> Exercise description:
Images aside, the whole listing should be written out word for word.

> Available data:
┌──
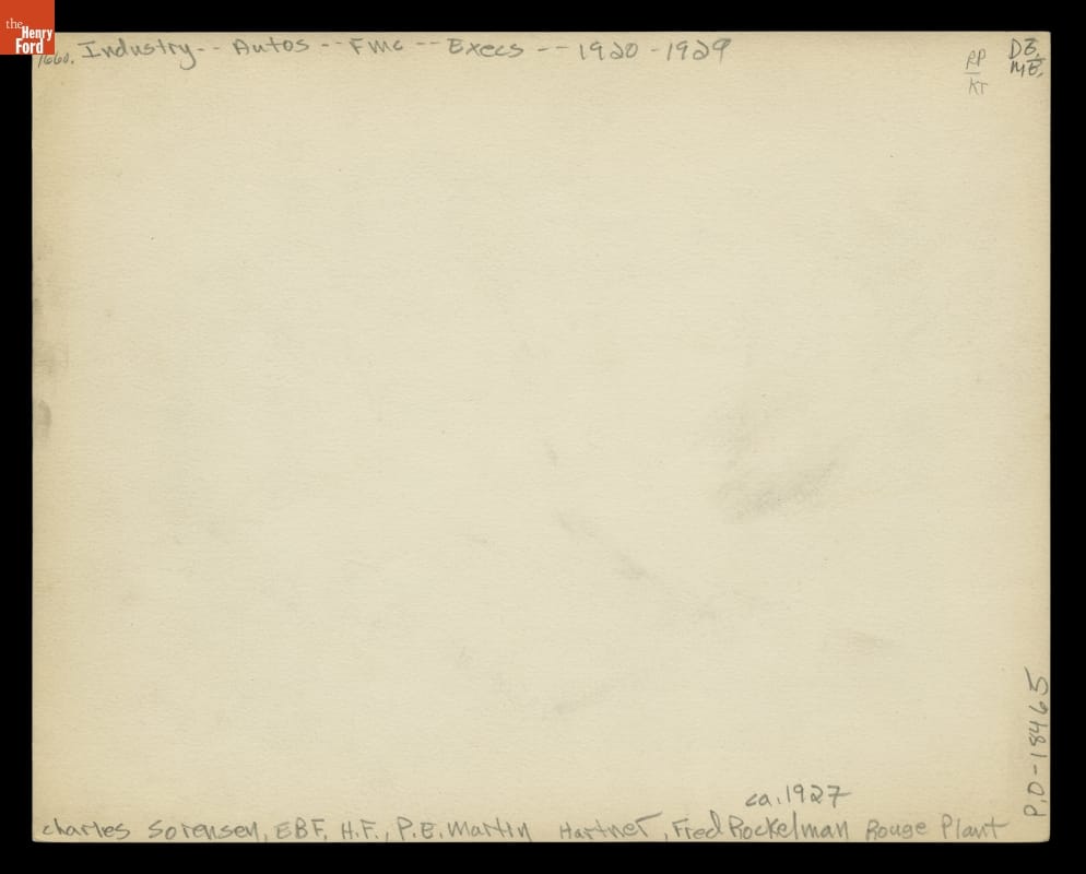 Henry Ford (center) and Edsel Ford (second from left) posed at the Rouge in 1927 with Model A engine number one, and with some of their most trusted lieutenants. Charles Sorensen (far left) and P.E. Martin (third from right) headed production at the factory. Gus Degener (second from right) supervised vehicle assembly and inspection. Charles Hartner (far right) oversaw machine operations at the Rouge.
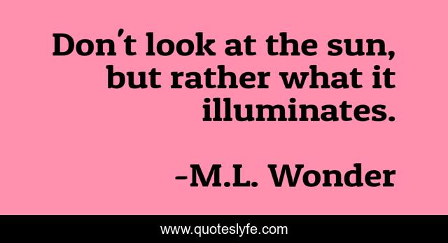 This page presents the quote "Don't look at the sun, but rather what it illuminates.". Author of this quote is M.L. Wonder. .
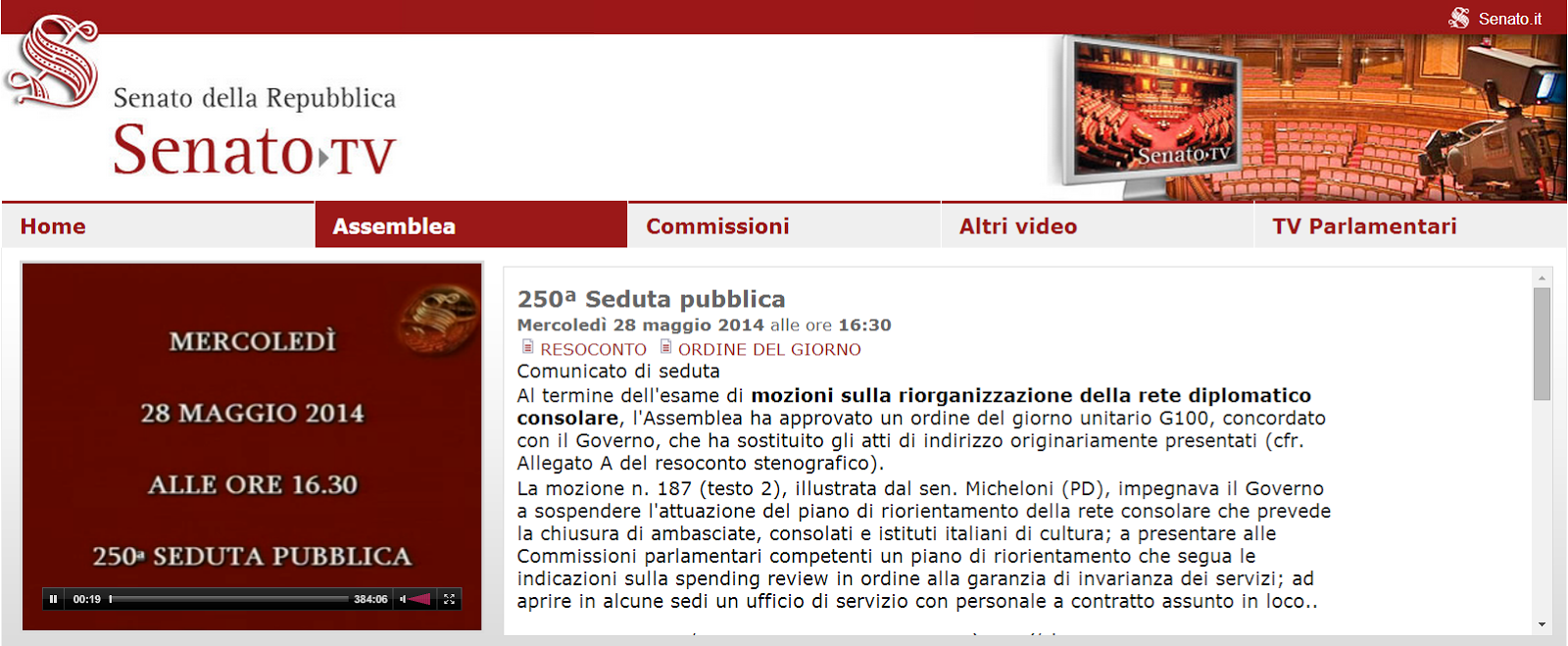 SENATO DELLA REPUBBLICA. Discussione mozioni sulla riorganizzazione della rete diplomatico consolare
└──
> Output of the task:
 Henry Ford (center) and Edsel Ford (second from left) posed at the Rouge in 1927 with Model A engine number one, and with some of their most trusted lieutenants. Charles Sorensen (far left) and P.E. Martin (third from right) headed production at the factory. Gus Degener (second from right) supervised vehicle assembly and inspection. Charles Hartner (far right) oversaw machine operations at the Rouge.
 This page presents the quote "Don't look at the sun, but rather what it illuminates.". Author of this quote is M.L. Wonder. .
 SENATO DELLA REPUBBLICA. Discussione mozioni sulla riorganizzazione della rete diplomatico consolare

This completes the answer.